Micro-batching s a special kind of batch processing wherein the batch size is orders smaller. Windowing becomes easy with micro-batching as it offer stateful computation of data.

Storm is a stream processing framework that also does micro-batching (Trident).

Spark is a batch processing framework that also does micro-batching (Spark Streaming).

Apache Storm is a stream processing framework, which can do micro-batching using Trident(an abstraction on Storm to perform statefule stream processing in batches).

Spark is a frame to perform batch processing. It can also do micro-batching using Spark Streaming(an abstraction on Spark to perform stateful stream processing).

One key difference between these two frameworks is that spark performs Data-parallel computions while Storm performs Taks-Paralle computations.

Feature	Apache Storm/Trident	Spark Streaming
Programming languages	Java Clojure Scala	Java Scala
Reliability	Supports 「exactly once」 processing mode. Can be used in other modes like 「at least once」 processing & 「at most once」 processing mode as well.	Supports only 「exactly once」 processing mode.
Stream Source	Spout	HDFS
Stream Primitives	Tuple, Partitions	DStream
Persistence	MapState	Per RDD
State management	Supported	Supported
Resource Management	Yarn, Mesos	Yarn, Mesos
Provisioning	Apache Ambari	Basic monitoring using ganglia
Messaging	ZeroMA, Netty	Netty, Akka

In Spark streaming, if a worker node fails, then the system can re-compute from the lest over copy of input data. But , if the node where the network receiver runs is failing, the the data which is not yet replicated to other node might be lost. In short, only HDFS backed data source is safe.
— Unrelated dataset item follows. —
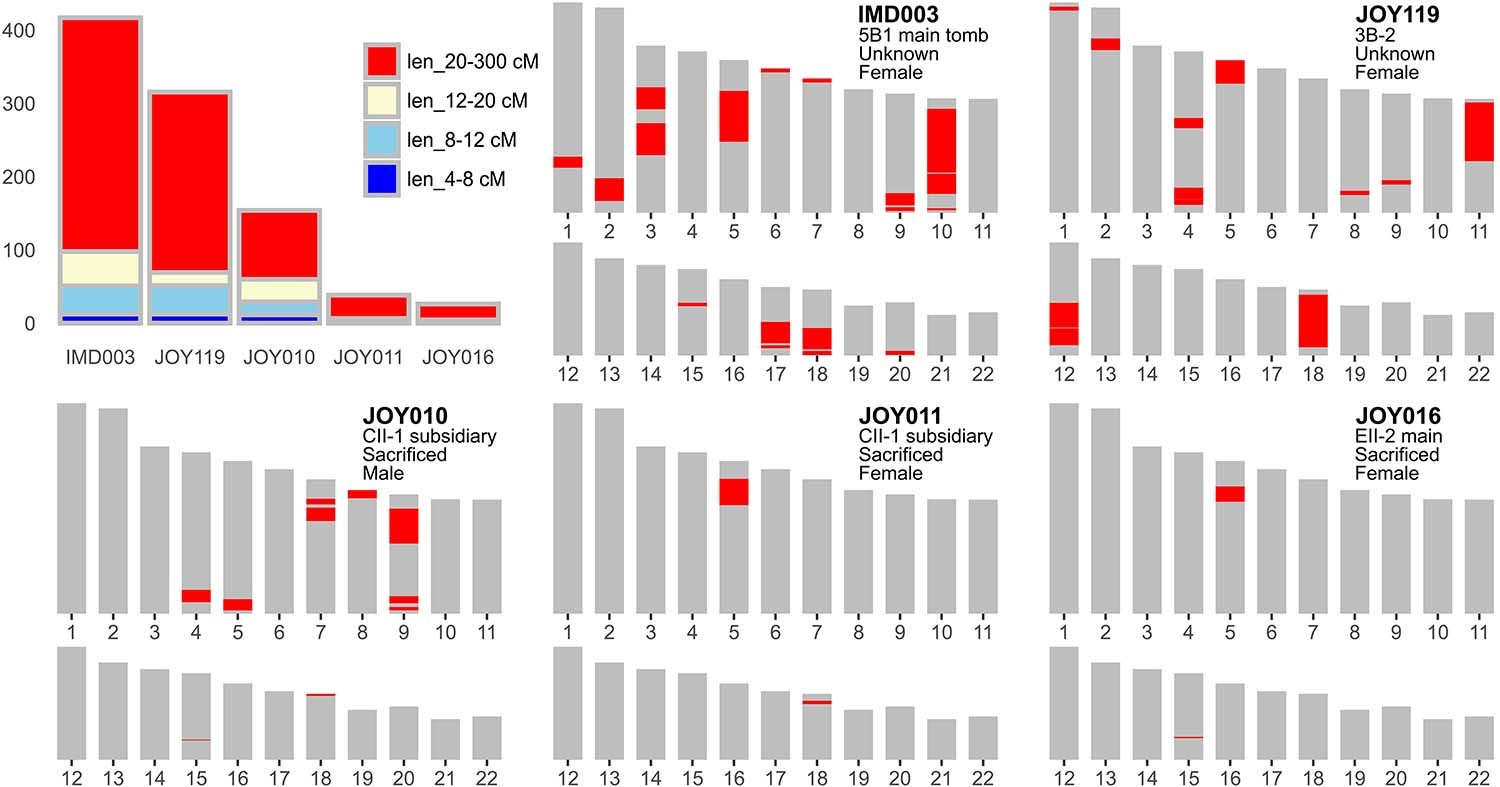 연구진은 78명 가운데 5명에서 20cM(센티모건: 유전적 거리 단위) 이상의 긴 ROH를 발견했다. 특히 한 여성 개인(IMD003)의 경우 ROH가 319cM에 달했는데, 이는 그 여성의 부모가 사촌 이내의 혈연 사이에서 결혼했음을 의미한다. 사촌 간 결혼도 현재 기준으로는 근친혼에 해당하는데, IMD003의 부모는 그보다도 더 가까운 혈연이었을 가능성도 있다. 더 충격적인 사실도 확인됐다. 순장자 가운데 아버지와 딸이 함께 부장실에 매장된 사례가 발견된 것이다. 게다가 이 부녀는 각각 근친혼으로 태어난 개인들로, 근친혼이 2대에 걸쳐 이어진 정황이 포착됐다.
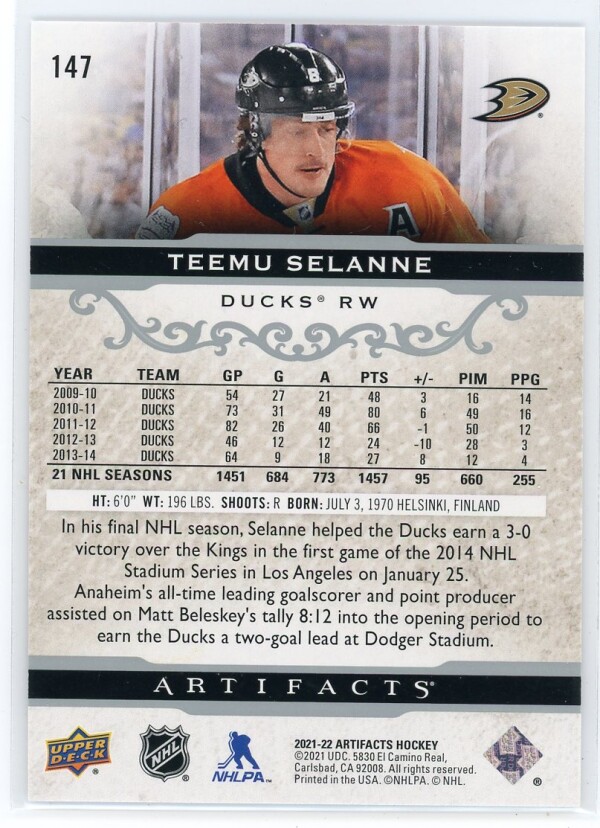 2021-22 Artifacts #147 Teemu Selanne /599

In Apache Storm/Trident, if a worker fails, the nimbus assigns the worker’s tasks to other nodes in the system. All tuples sent to the failed node will be timed out and hence replayed automatically. In Storm as well, delivery gurantee depends on a safe data source.
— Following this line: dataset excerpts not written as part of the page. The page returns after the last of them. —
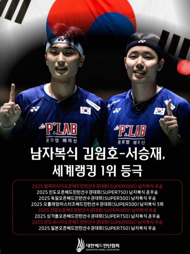 한국 배드민턴은 안세영 외에도 또 한 쌍의 '세계 최강'을 보유하게 됐다. 남자 복식 서승재-김원호 조가 세계 랭킹 1위에 올랐기 때문이다. 한국 남자 복식조가 세계 정상에 오른 건 2016년 11월 이용대-유연성 조 이후 약 9년 만이다.
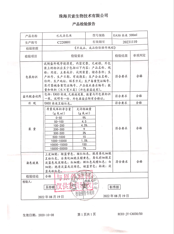 貝索 巴氏染色液 EA-50 500ml BA4033A C220801
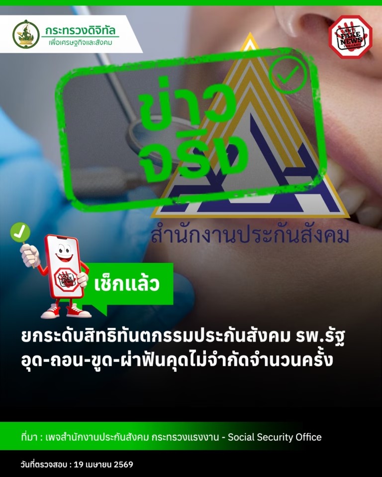เมื่อวันที่ 19 เม.ย.69 ที่ผ่านมา เฟซบุ๊ก Anti-Fake News Center Thailand ได้ออกมาเเจ้งข่าวเกี่ยวกับ การยกระดับสิทธิทันตกรรมประกันสังคม รพ.รัฐ อุด-ถอน-ขูด-ผ่าฟันคุดไม่จำกัดจำนวนครั้ง ซึ่งข่าวนี้ถูกเเพร่สะพัดออกไปก็ทำหลายคนสงสัยว่าเป็นข่าวจริงหรือไม่?
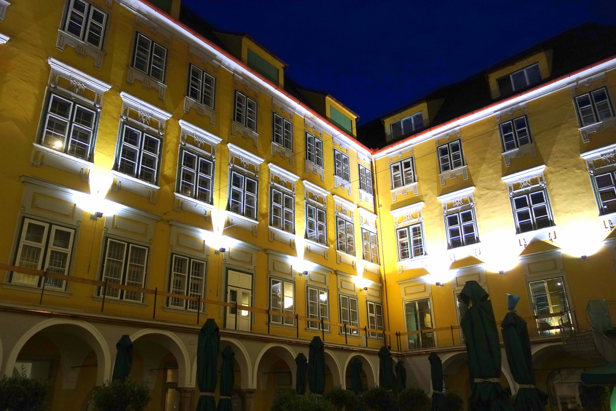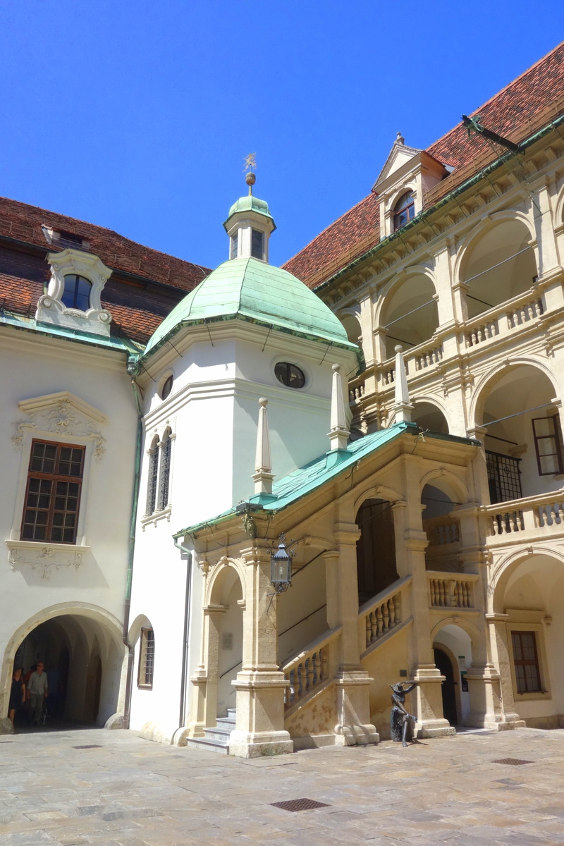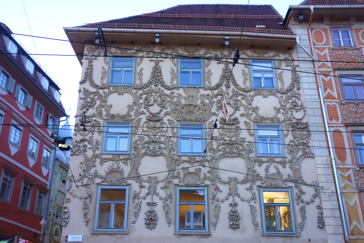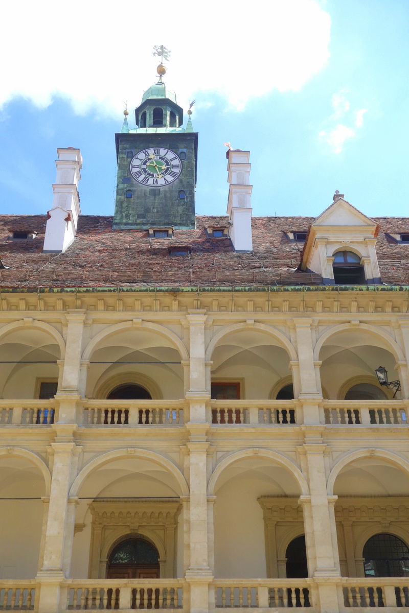 Landhaus (la maison de campagne, vraiment ?) est le siège du gouvernement régional de la Styrie et un chef d’œuvre de la Renaissance. La cour intérieure est signée de l’architecte italien  Domenico Dell’Alio. L’édifice a dans les 460 ans : sa construction date de 1557. L’intérieur n’est pas ouvert à la visite (snif).
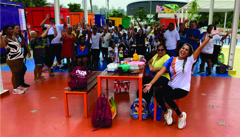 E, claro (!), o encontro das crianças, jovens e adultos foi emocionante demais! Executaram – juntos! – todas as atividades, como o circuito psicomotor. Além disso, houve o momento da dança: unidos, sorrindo e brincando uns com os outros. Na hora do lanche, foi lindo presenciar a amizade que ali estava sendo construída, dentre todos os presentes.
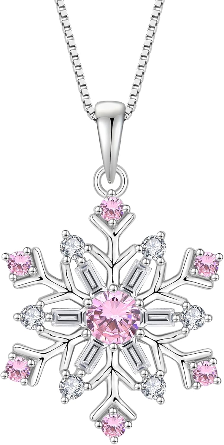 Snowflakes Necklace 925 Sterling Silver Pendant Birthstone Jewelry for Women
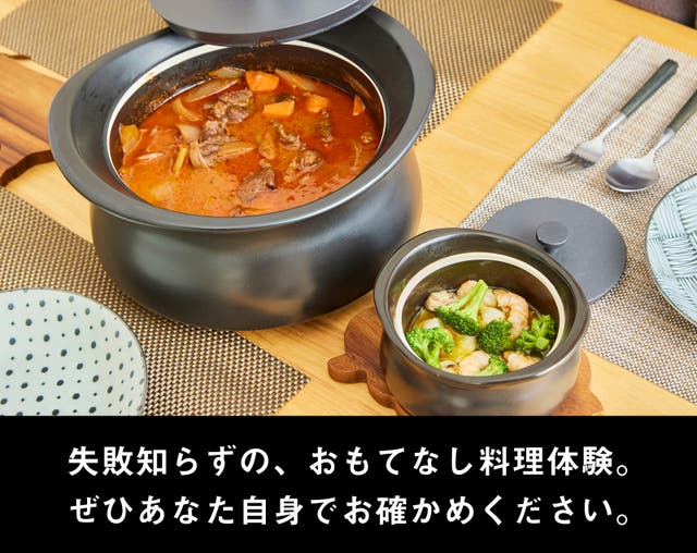 シチューや肉じゃが、おでん、アクアパッツアといったメインディッシュはもちろん、パエリアやお粥、さらにはアヒージョやバーニャカウダといった「もう一品」の料理まで、さまざまな本格煮炊き料理を、誰でも簡単に時短で作ることが可能となりました。
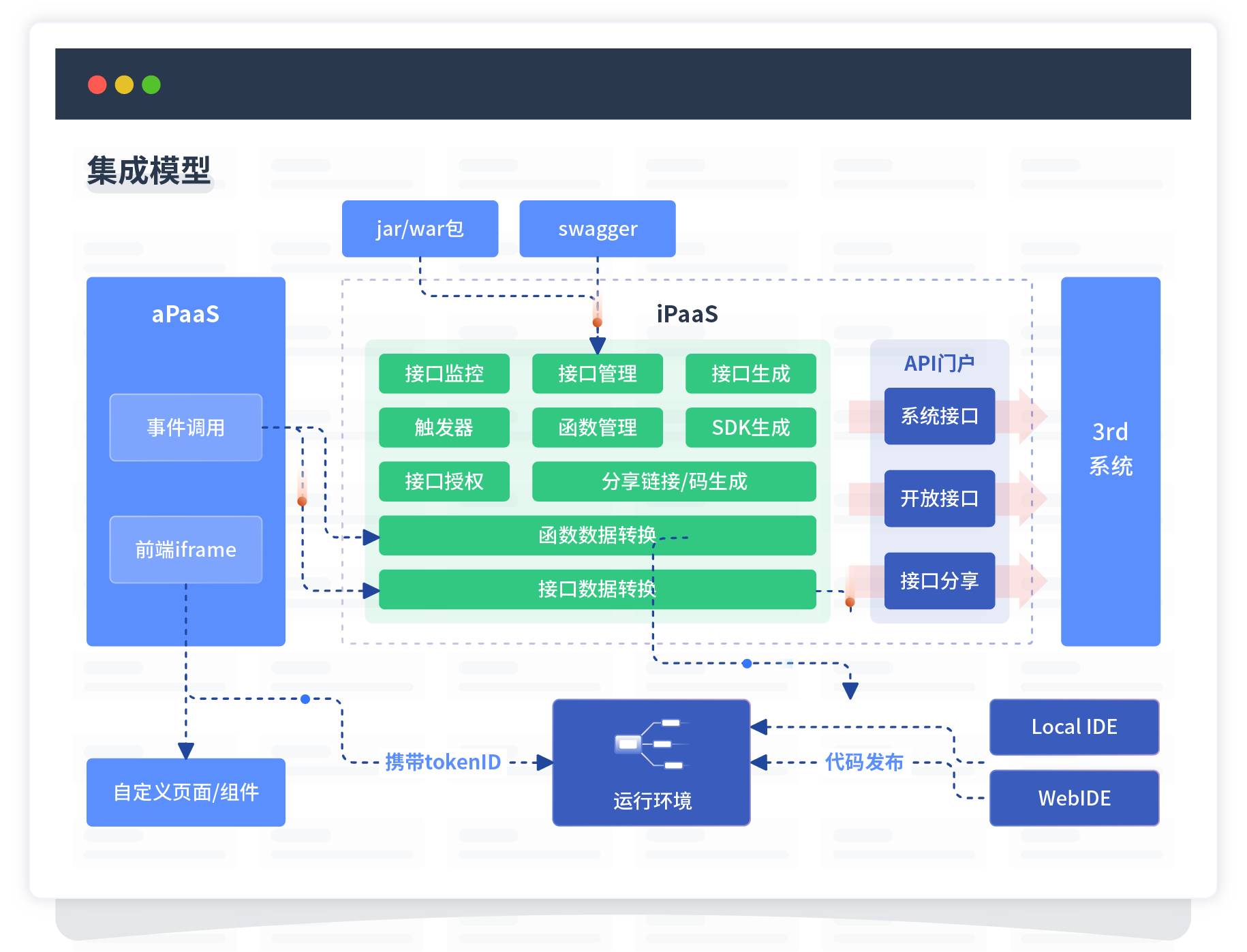 集成模型包括平台本身前、、、、、后端能力的扩展,,,,,,,,也支持通过API门户和第三方系统进行交互。。。。。。。。。。

Situation	Choice of framework
Strictly low latency	Storm can provide better latency with fewer restrictions than spark streaming.
Low development cost	With Spark, the same code base can be used for batch processing and stream processing, But with Storm, it is not possible.
Message Delivery Gurantee	Both Apache Storm(Trident) and Spark streaming offer 「exactly once」 processing mode
Fault tolerance	Both frameworks are relatively fault tolerant to the same extent. In Apache Storm/Trident, if a process fails, the supervisor process will restart it automatically as state management is handled through ZooKeeper. Spark handles restarting workers via resource manager which can be YARN, Mesos, or its standalone manager.

Spark is what you might call a Swiss Army knife of Big Data analytics tools.
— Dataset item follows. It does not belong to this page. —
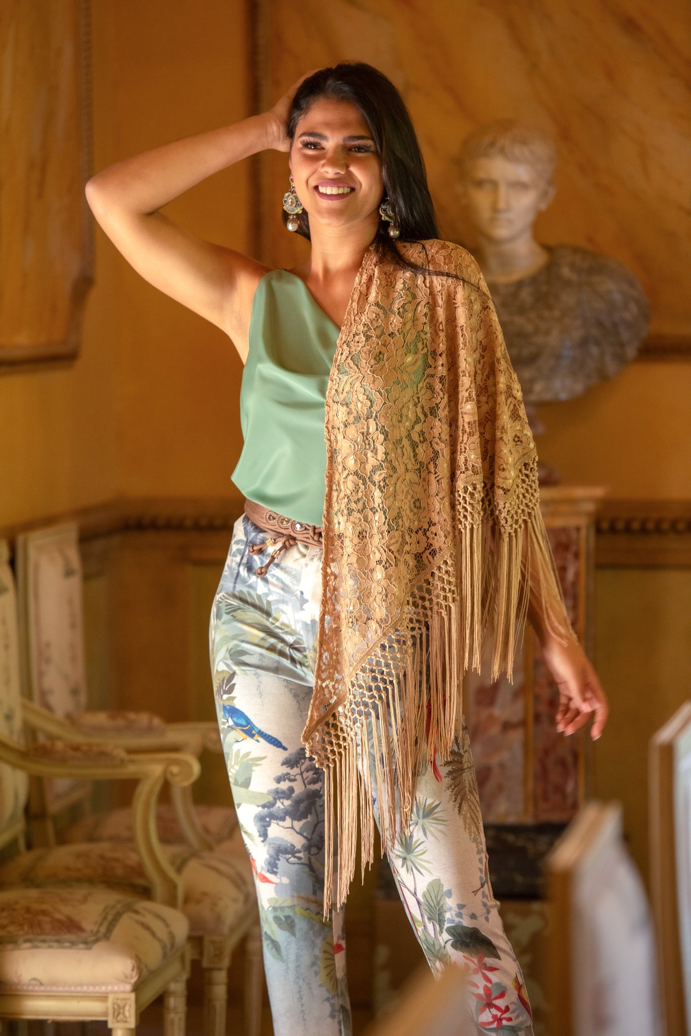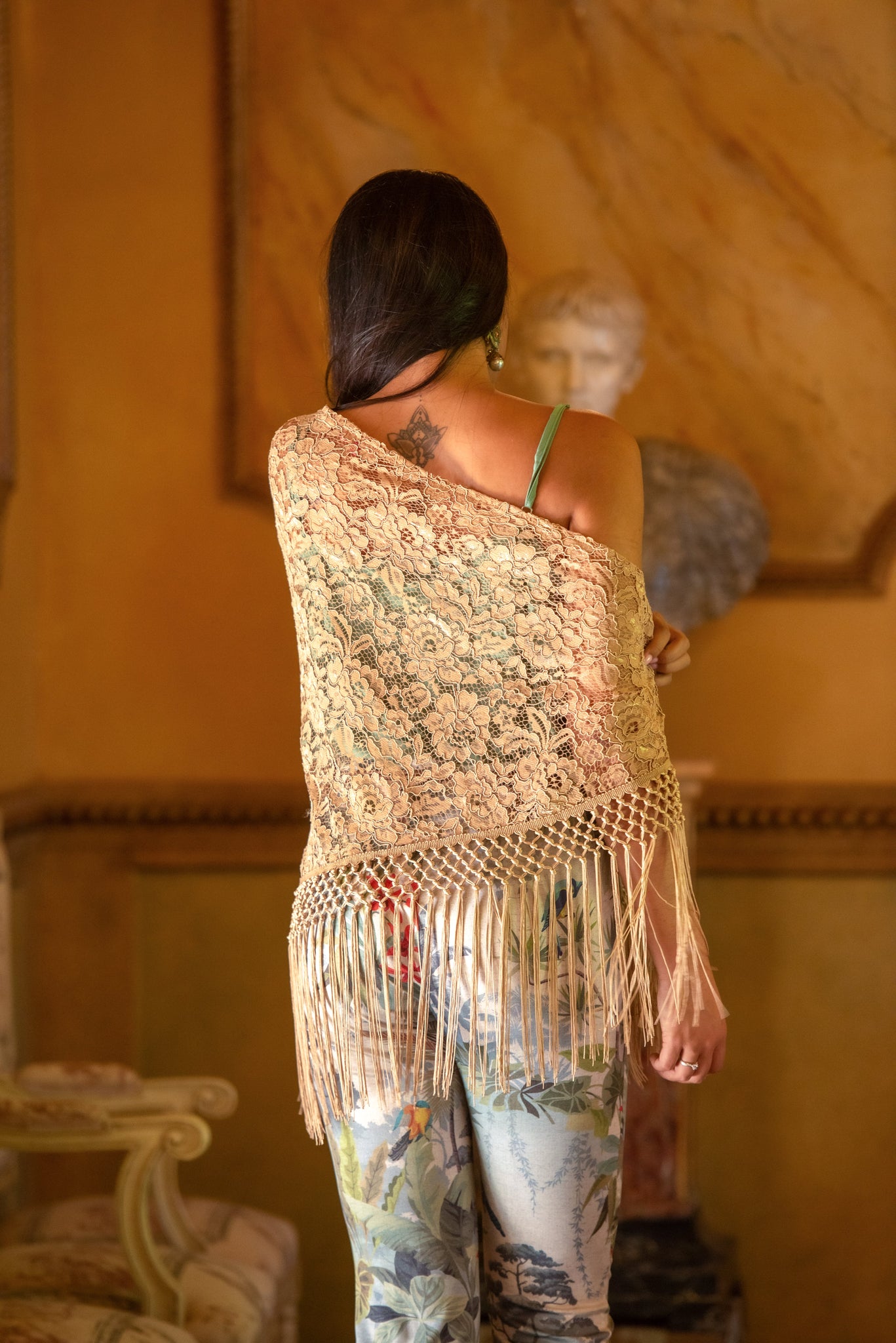 Mantón de encaje en pico color beige con flecos enrejados al tono.

Storm makes it easy to reliable process unbounded streams of data, doing for real-time processing what Hadoop did for batch processing.

Hadoop, Spark, Storm are some of the popular open source platforms for real time data processing. Each of these tools has some intersecting functionalities. However, they have different role to play.

Hadoop is an open source distributed processing framework. Hadoop is used for storing large data sets and running distributed analytics processes on various clusters. Hadoop MapReduce is limited to batch processing of one job at a time. This is the reason why these days Hadoop is being used extensively as a data warehousing tool and not as data analysis tool.

Spark doesn’t have its own distributed storage system. This is the reason why most of the big data projects install Apache Spark on Hadoop so that the advanced big data applications can be run on Spark by using the data stored in Hadoop Distributed File System.

Storm is a task parallel, open source distributed computing system. Storm has its independent workflows in topologies i.e. Directed Acyclic Graphs. The topologies in Storm execute until there is some kind of a disturbance or if the system shuts down completely. Storm does not run on Hadoop clusters but uses ZooKeeper and its own minion worker to manage its processes. Storm can read and write files to HDFS.

Apache Hadoop is hot in the big data market but its cousins Spark and Storm are hotter.